Bulk migration – Exploring VMware Cloud on AWS-Integrated Services

Bulk migration provides efficient low downtime migration. Unlike migration with vMotion migration, bulk migration requires a restart at the destination, the workload remains available during the replication process, and the switchover can be scheduled on a maintenance window. This allows large-scale migrations of hundreds (up to 250 in a single group) of workloads to VMware Cloud on AWS SDDC.

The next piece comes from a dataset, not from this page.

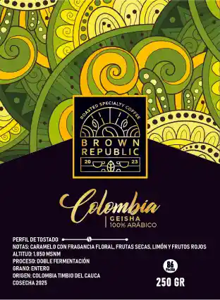 Café de especialidad Origen Colombia Variedad Arábica Geisha Proceso doble fermentación Altura 1850 msnm Puntos 86 SCA Tueste suave alto Cosecha 2025 El café de especialidad Colombia Geisha es una experiencia excepcional para los amantes del café de alta gama. Proveniente de granos Arábica de la codiciada subsepa Geisha, este café presenta un perfil aromático impresionante, con delicadas notas florales que se combinan con el dulzor del caramelo y la complejidad de las frutas secas. La frescura del limón y los frutos rojos aportan un toque vibrante y afrutado. Gracias a su proceso de doble fermentación, este café tiene una acidez alta que le otorga una claridad y frescura inigualables. Con un tostado bajo, su sabor se mantiene suave y limpio, ideal para métodos de extracción como V60 o pour-over, donde se pueden apreciar en su máxima expresión sus complejas notas y su refinada acidez. Un café único y sofisticado, perfecto para quienes buscan una experiencia cafetera de lujo.

The bulk migration option is designed for moving large amounts of VMs in parallel. It does this by using host-based replicating, which allows workloads to stay online during the seeding/delta replication stages. After data replication has been completed, we have two options – either schedule the switchover for a specific maintenance window or switch over immediately to the target location. This happens over the HCX WAN optimized mesh and is backwardly compliant as far as vSphere 6.0. HCX also offers the option to upgrade VMTools and hardware compatibility in bulk migrations. This allows organizations with older versions of vSphere the opportunity to make these upgrades simultaneously.

Replication Assisted vMotion

Replication Assisted vMotion (RAV) combines the best of the vMotion and bulk migration capabilities to make migrating large numbers of live workloads easier. RAV uses bulk migration for the initial replication process and allows parallel operations and cutover scheduling. vMotion is used to finalize the migration of the delta data and VM memory and networking state for the zero-downtime migrations.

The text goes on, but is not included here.